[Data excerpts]
+--

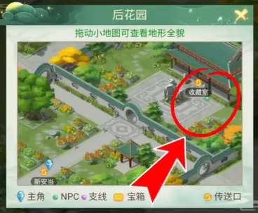 3、别急,故事还没结束,此时返回主线地图【渝州城】,在后院找到景天老板(位置下图所示),将【山河社稷图】赠与景天,还能收获另一项奖励——【通宝*1000w,混沌秘石*2】。
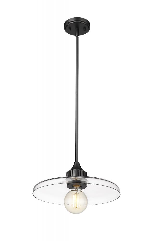A disc of smooth, clear glass ensures bright illumination from this modern one-light pendant from the Paloma collection. Adding an element of nostalgia and craftsmanship in any room, the fixture pairs a crisp matte black finish with a simple, clean silhouette that promises bright illumination in a stylish but understated profile.
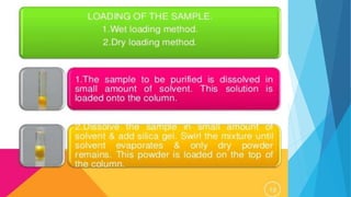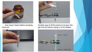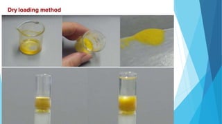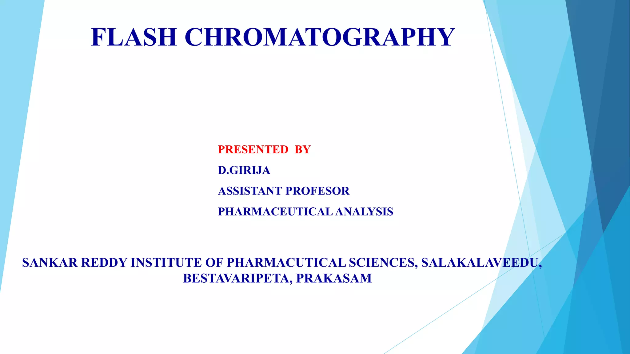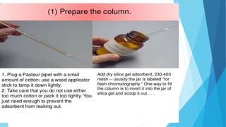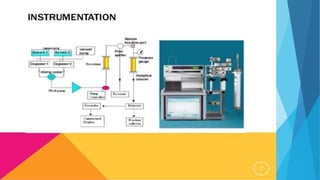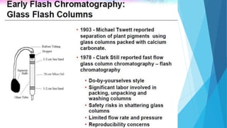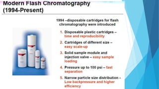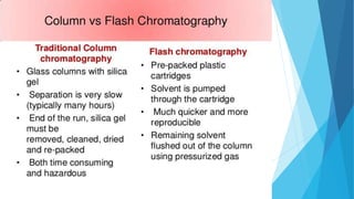 Flash chromatography is a technique that uses compressed gas to rapidly push solvent through a column packed with adsorbent material like silica gel. This allows for faster separations compared to traditional gravity chromatography. The document discusses the principles, common solvent systems, packing columns, instrumentation used like pumps, fraction collectors, and detectors, and applications of flash chromatography.
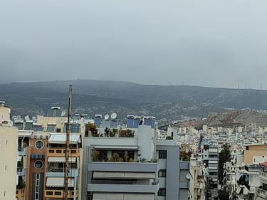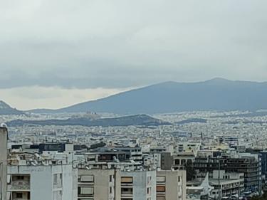 Η θέα ανοίγει μπροστά σου σε όλο το αστικό τοπίο, με τις πολυκατοικίες να απλώνονται μέχρι τον ορίζοντα και τα βουνά να σχηματίζουν ένα σταθερό, ήρεμο φόντο. Το βλέμμα ταξιδεύει από τις στέγες της πόλης προς τις γραμμές του Υμηττού και του Αιγάλεω, που ξεχωρίζουν καθαρά και δίνουν αίσθηση βάθους και χώρου. Η θέα αγκαλιάζει δύο από τα πιο χαρακτηριστικά σημεία της Αττικής. Από τη μία πλευρά, η Ακρόπολη ξεχωρίζει στον ορίζοντα, διακριτική αλλά πάντα παρούσα, φωτίζοντας την πόλη και θυμίζοντας τη διαχρονική της ιστορία. Ιδιαίτερα τις απογευματινές και βραδινές ώρες, όταν είναι φωτισμένη, δίνει μια μοναδική αίσθηση μεγαλείου και ηρεμίας.
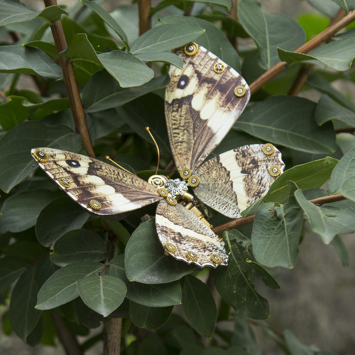 .The model is made of premium-quality metal materials including stainless steel, iron and copper with many carved parts to create a retro steampunk style. Features visible wings texture with a thickness of 3-4mm for wear resistance, restoring the real butterfly wings.
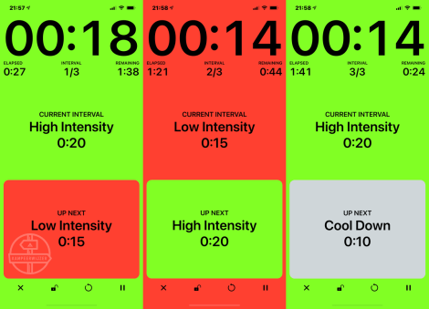 Interval Timer – Seconds (Android / iOS)is een vergelijkbare app als IntervalTimer met dit verschil dat de kegeltjes in je netvlies overstuur kunnen raken.

+--

__WORK REQUIRED__: Nothing but the lines from the one containing "Flash chromatography is" through the last line of the data should appear in the answer, copied exactly, with pictures excluded.

__EXPECTED ANSWER__:
 Flash chromatography is a technique that uses compressed gas to rapidly push solvent through a column packed with adsorbent material like silica gel. This allows for faster separations compared to traditional gravity chromatography. The document discusses the principles, common solvent systems, packing columns, instrumentation used like pumps, fraction collectors, and detectors, and applications of flash chromatography.
 Η θέα ανοίγει μπροστά σου σε όλο το αστικό τοπίο, με τις πολυκατοικίες να απλώνονται μέχρι τον ορίζοντα και τα βουνά να σχηματίζουν ένα σταθερό, ήρεμο φόντο. Το βλέμμα ταξιδεύει από τις στέγες της πόλης προς τις γραμμές του Υμηττού και του Αιγάλεω, που ξεχωρίζουν καθαρά και δίνουν αίσθηση βάθους και χώρου. Η θέα αγκαλιάζει δύο από τα πιο χαρακτηριστικά σημεία της Αττικής. Από τη μία πλευρά, η Ακρόπολη ξεχωρίζει στον ορίζοντα, διακριτική αλλά πάντα παρούσα, φωτίζοντας την πόλη και θυμίζοντας τη διαχρονική της ιστορία. Ιδιαίτερα τις απογευματινές και βραδινές ώρες, όταν είναι φωτισμένη, δίνει μια μοναδική αίσθηση μεγαλείου και ηρεμίας.
 .The model is made of premium-quality metal materials including stainless steel, iron and copper with many carved parts to create a retro steampunk style. Features visible wings texture with a thickness of 3-4mm for wear resistance, restoring the real butterfly wings.
 Interval Timer – Seconds (Android / iOS)is een vergelijkbare app als IntervalTimer met dit verschil dat de kegeltjes in je netvlies overstuur kunnen raken.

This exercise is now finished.